Your goal:
Before printing, remove every picture; then print the lines below exactly, from the first line through the line containing "Antequera llega al".

Source material:
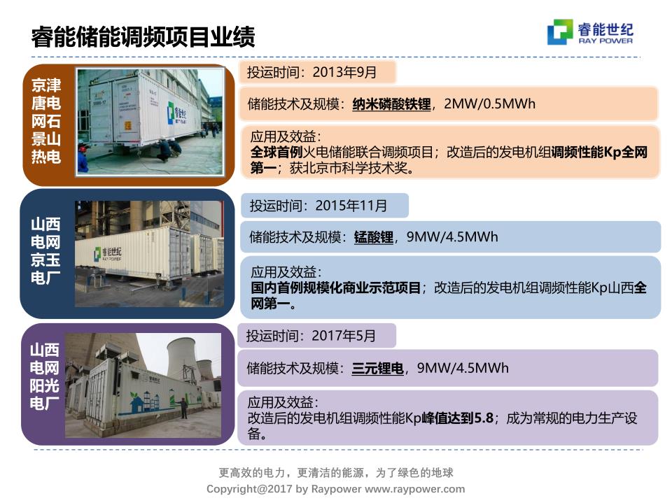 睿能2011年成立提出這個(gè)業(yè)務(wù)的構(gòu)想,在2013年有第一個(gè)項(xiàng)目落地,這也是全國(guó)第一個(gè)儲(chǔ)能火電聯(lián)合調(diào)頻的項(xiàng)目。這個(gè)項(xiàng)目在北京石景山熱電,用2MW/0.5MWh的儲(chǔ)能,配一個(gè)22萬(wàn)的機(jī)組。當(dāng)時(shí)我們用的系統(tǒng)是美國(guó)A123公司納米磷酸鐵鋰電池。這個(gè)項(xiàng)目是比較成功的示范項(xiàng)目,當(dāng)時(shí)我們做出來之后,這臺(tái)機(jī)組加了儲(chǔ)能之后,調(diào)頻性能能夠做到京津唐電網(wǎng)第一名。
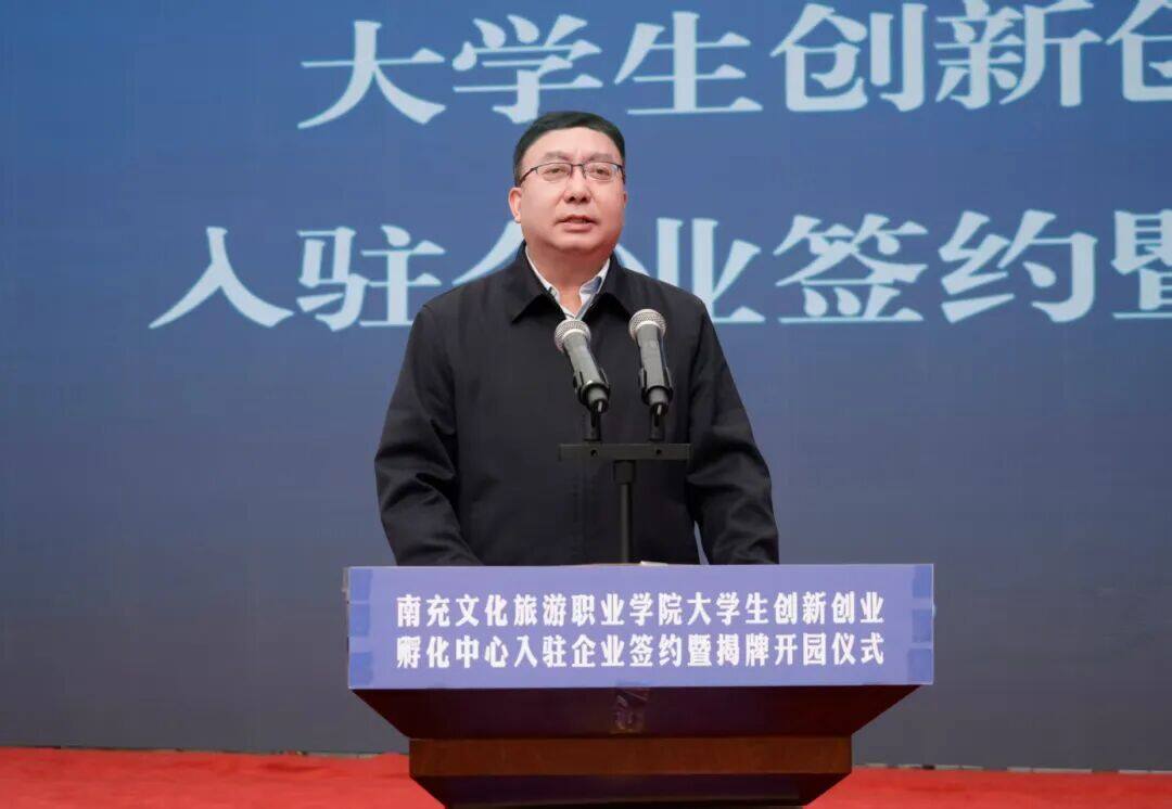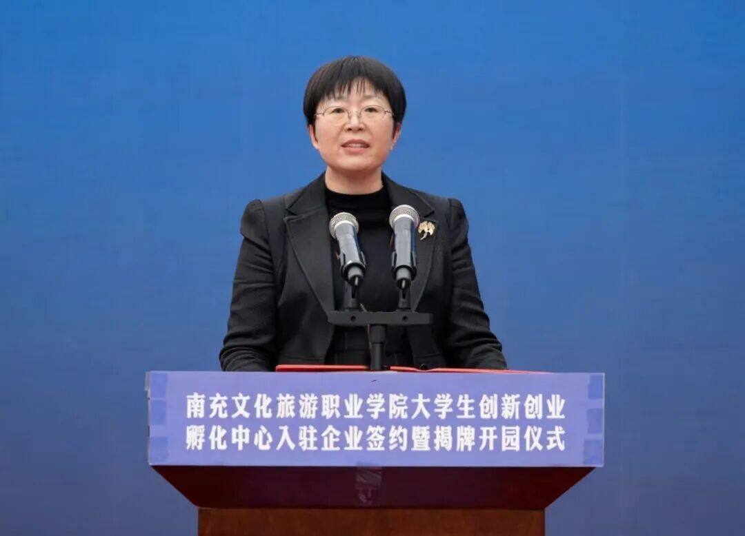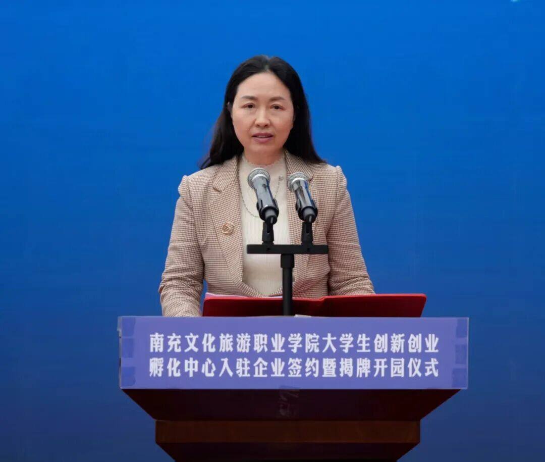 黎萍表示,近年来,全市上下始终将教育摆在优先发展的战略位置,深入实施教育强市战略,以办好人民满意的教育为目标,坚定实施“文旅兴市”战略。学校大学生创新创业孵化中心的建成投用既是校企双方携手未来、共育新机的崭新起点,更是我市推动产教融合、培育新质生产力的生动实践。她希望,“双创中心”能成为产教融合的“示范田”,推动入驻企业带入前沿技术、真实市场和鲜活项目,与学校资源深度融合,携手共建文旅新质生产力培育的创新引擎;希望入驻企业能成为扎根南充的“生力军”,通过自身成功实践,吸引带动更多产业链伙伴入驻南充、投资兴业,共同推动文旅产业高质量发展;希望学校能成为服务地方的“先锋队”,以“双创中心”为支点,紧密对接南充市文旅兴市战略及新兴业态,真正成为南充文旅发展最可信赖的智囊与人才摇篮。
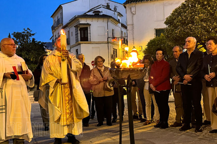 Antequera llega al punto álgido de la Semana Santa con la Vigilia Pascual, la celebración de la victoria de la vida sobre la muerte, concluyendo el Triduo Pascual.
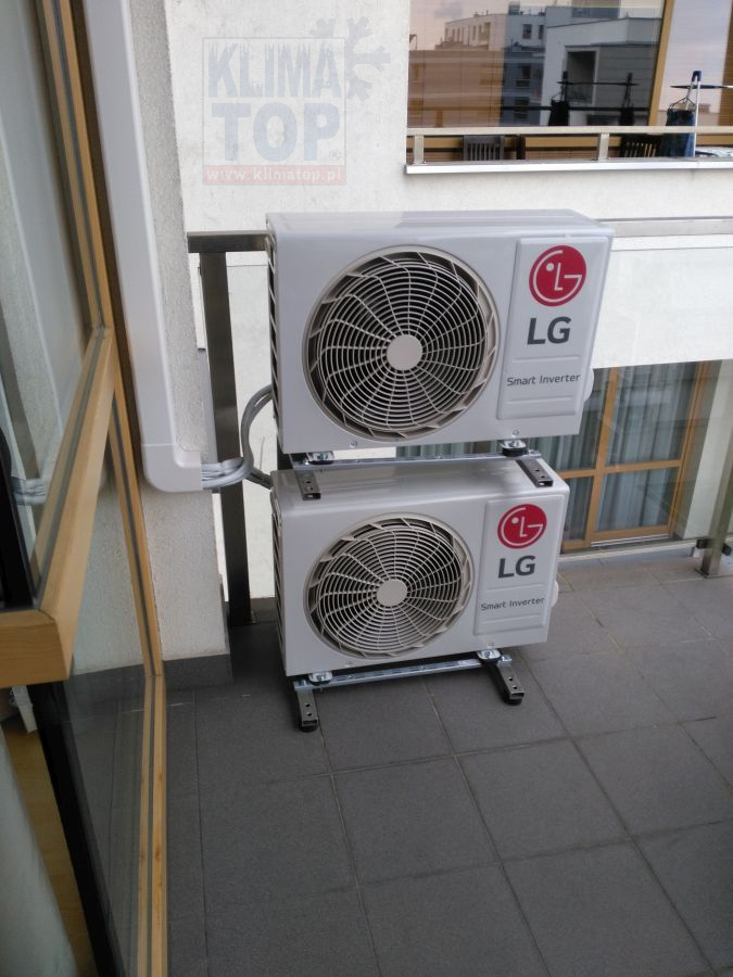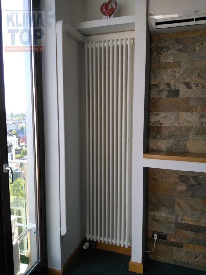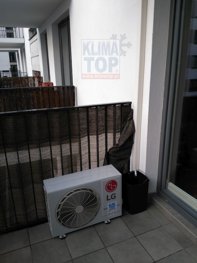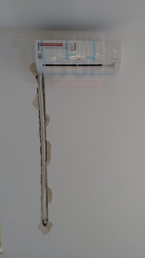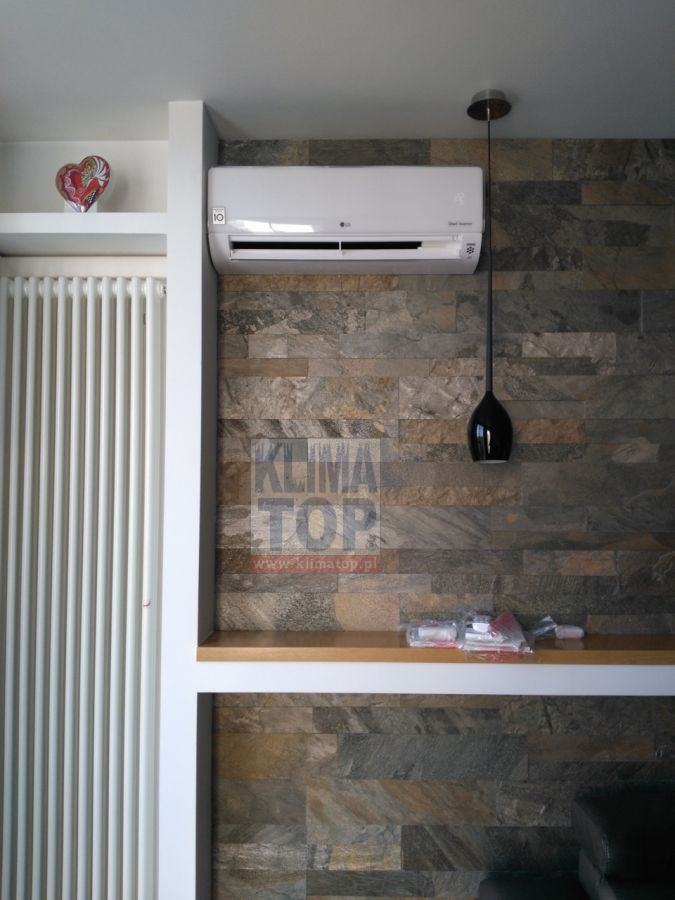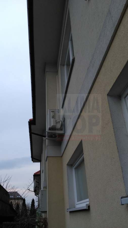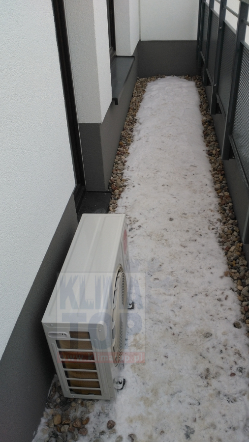 Jednostkę wewnętrzną zamontowano na ścianie z ozdobnym kamieniem. Korzystając z oddzielenia półścianką grzejnika, przeprowadzono instalację na jego stronę a następnie w maskownicy doprowadzono instalację do ściany szczytowej, wyprowadzono na zewnątrz i podłączono do agregatu stojącego na posadzce balkonu. Skropliny odprowadzono grawitacyjnie na zewnątrz razem z instalacją chłodniczą (woda będzie zbierana do zbiornika).

Completed task:
 睿能2011年成立提出這個(gè)業(yè)務(wù)的構(gòu)想,在2013年有第一個(gè)項(xiàng)目落地,這也是全國(guó)第一個(gè)儲(chǔ)能火電聯(lián)合調(diào)頻的項(xiàng)目。這個(gè)項(xiàng)目在北京石景山熱電,用2MW/0.5MWh的儲(chǔ)能,配一個(gè)22萬(wàn)的機(jī)組。當(dāng)時(shí)我們用的系統(tǒng)是美國(guó)A123公司納米磷酸鐵鋰電池。這個(gè)項(xiàng)目是比較成功的示范項(xiàng)目,當(dāng)時(shí)我們做出來之后,這臺(tái)機(jī)組加了儲(chǔ)能之后,調(diào)頻性能能夠做到京津唐電網(wǎng)第一名。
 黎萍表示,近年来,全市上下始终将教育摆在优先发展的战略位置,深入实施教育强市战略,以办好人民满意的教育为目标,坚定实施“文旅兴市”战略。学校大学生创新创业孵化中心的建成投用既是校企双方携手未来、共育新机的崭新起点,更是我市推动产教融合、培育新质生产力的生动实践。她希望,“双创中心”能成为产教融合的“示范田”,推动入驻企业带入前沿技术、真实市场和鲜活项目,与学校资源深度融合,携手共建文旅新质生产力培育的创新引擎;希望入驻企业能成为扎根南充的“生力军”,通过自身成功实践,吸引带动更多产业链伙伴入驻南充、投资兴业,共同推动文旅产业高质量发展;希望学校能成为服务地方的“先锋队”,以“双创中心”为支点,紧密对接南充市文旅兴市战略及新兴业态,真正成为南充文旅发展最可信赖的智囊与人才摇篮。
 Antequera llega al punto álgido de la Semana Santa con la Vigilia Pascual, la celebración de la victoria de la vida sobre la muerte, concluyendo el Triduo Pascual.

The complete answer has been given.